Using HaplotypeCaller to detect low-level mosaics
We are interested in calling variants on a sample that may contain a small amount of mosaicism. For instance, if there are 300 reads over a particular base, and six of those reads contain an SNV or InDel, then we would like a call to be made. Currently, the six reads are filtered out by HaplotypeCaller, and do not even appear in the GVCF output.

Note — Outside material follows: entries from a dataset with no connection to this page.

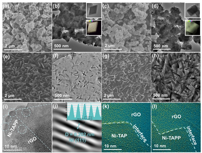 Fig. 2. (a) SEM image of Ni-TAP; (b) TEM images of Ni-TAP, and corresponding TEM and elemental mapping of single COFs; (c) SEM image of Ni-TAPP; (d) TEM image of Ni-TAPP, and corresponding TEM and elemental mapping of single COFs; (e) SEM image of Ni-TAP/rGO; (f) TEM image of Ni-TAP/rGO; (g) SEM image of Ni-TAPP/rGO; (h) TEM image of Ni-TAPP/rGO; (i and j) HRTEM image of Ni-TAPP/rGO, and the corresponding inverse FFT patterns of HRTEM; (k and l) STEM images of Ni-TAP/rGO and Ni-TAPP/rGO.
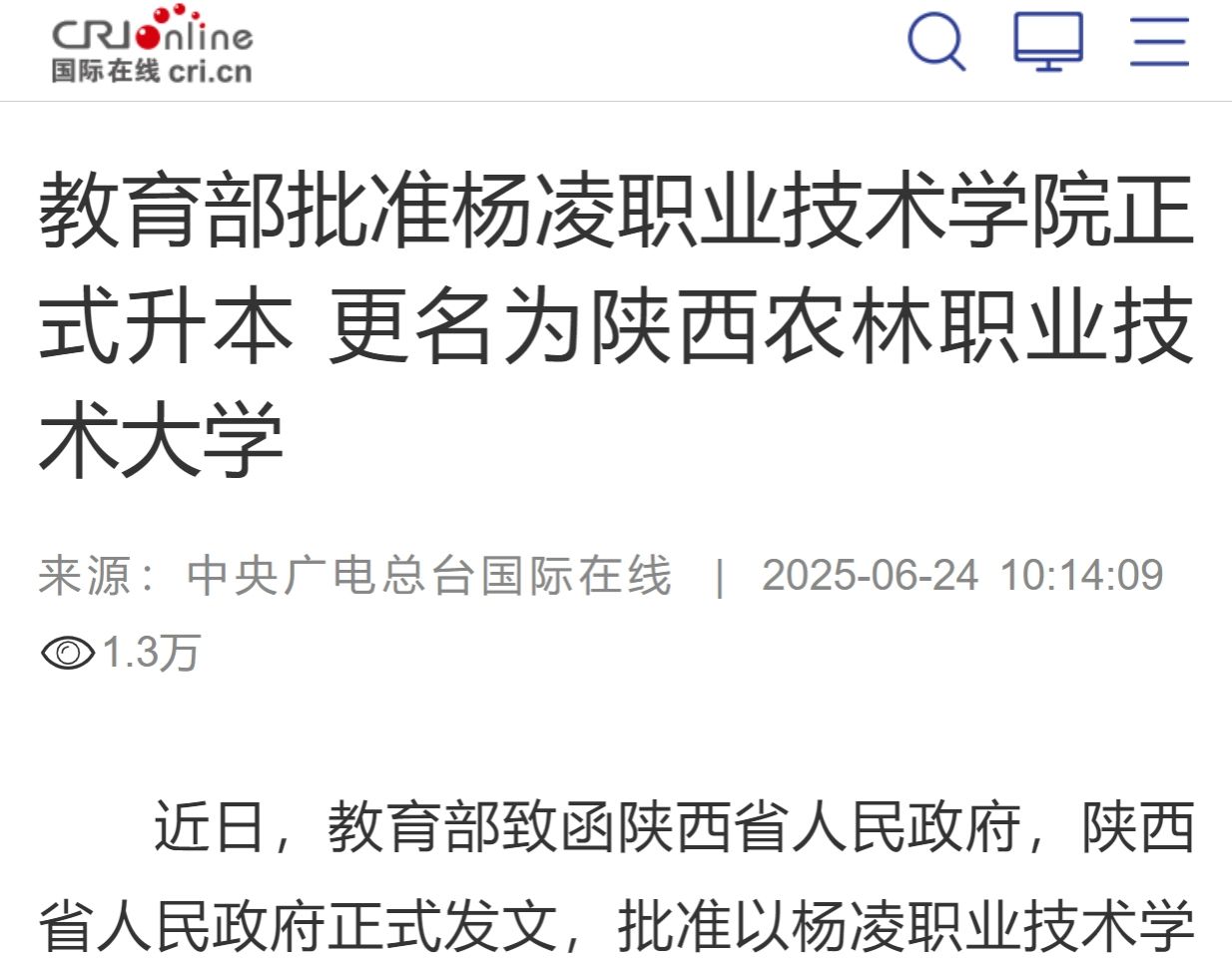 近日,教育部致函陕西省人民政府,陕西省人民政府正式发文,批准以杨凌职业技术学院为基础设立best365足球官网。这标志着陕西省公办本科层次职业学校实现“零”的突破。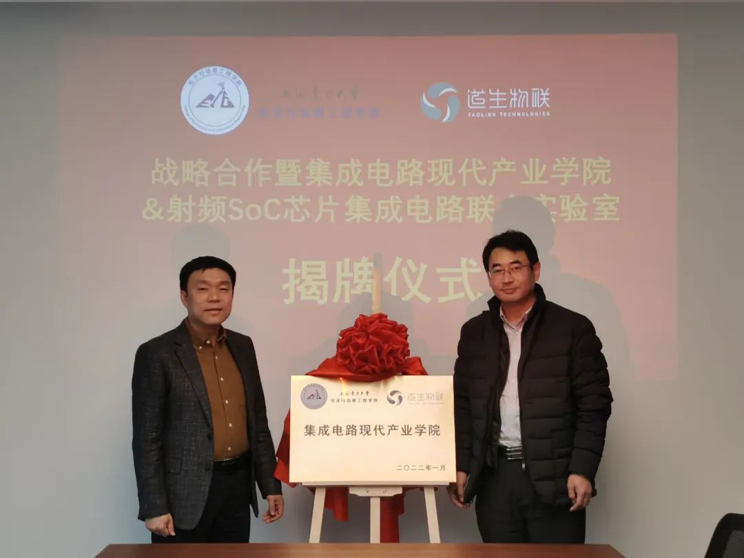 2022年1月25日下午,新葡萄8883官网amg官网新葡萄8883官网amg官网与上海道生物联技术有限公司举行“集成电路现代产业学院”和“射频SoC芯片集成电路联合实验室”揭牌仪式。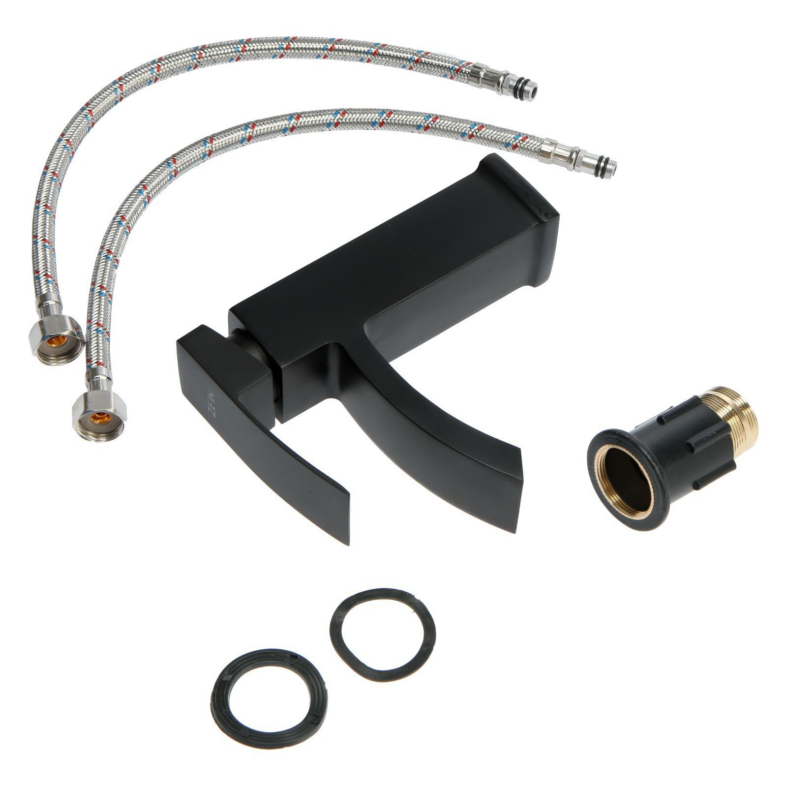 Смеситель для раковины Z2738, квадратный, дизайнерский, картридж керамика 35 мм, черный, 10x20x6 см., ZEIN, Китай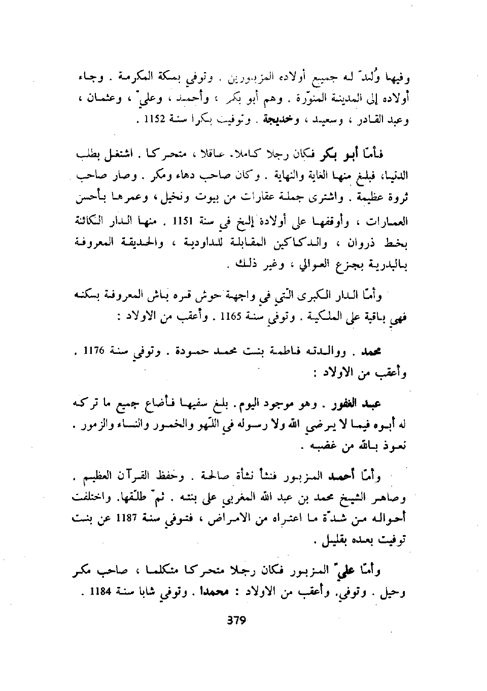 وفيها ولد له جميع أولاده المزبورين. وتوفي بمكة المكرمة. وجاء أولاده إلى المدينة المنورة. وهم أبو بكر، وأحمد، وعلي، وعثمان، وعبد القادر، وسعيد، وخديجة. وتوفيت بكراً سنة 1152.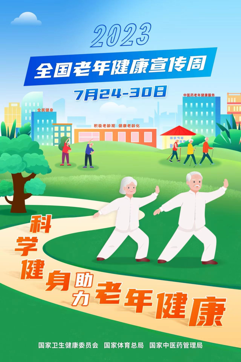 为宣传普及老年健康政策和科学知识,切实提高老年人健康水平,国家卫生健康委会同国家体育总局、国家中医药管理局,以“科学健身助力老年健康”为主题,于2023年7月24日-30日组织开展2023年全国老年健康宣传周活动。

The decision by HaplotypeCaller appears to be based on the reasonable assumption that a variant in a haploid organism must be homozygous reference, heterozygous with a 50:50 ratio, or homozygous alternate. Therefore, the probability of a location being in each of these three states can be calculated based on the sequencing error rate as estimated by the base quality score (for the homozygous options) and the binomial distribution (for the heterozygous option). With these assumptions, an allele depth of 294,6 would have a very low probability for all three options, as it does not seem reasonable to have six errors in the same place, and it also does not seem reasonable to obtain an unbalance of 294,6 with a random selection with probability 0.5
We would like it very much if there was an option to relax the probability calculation for heterogyzous variants, so that there is no longer the assumption that the allele balance is 50:50. This would increase the chance that a variant is called when there is a very strong mis-balance, as it would no longer be a low probability event to report a 294,6 allele depth.
For extra bonus points, HaplotypeCaller could mark in the vcf file when a variant is more likely to be due to mosaicism than 50:50 heterozygosity.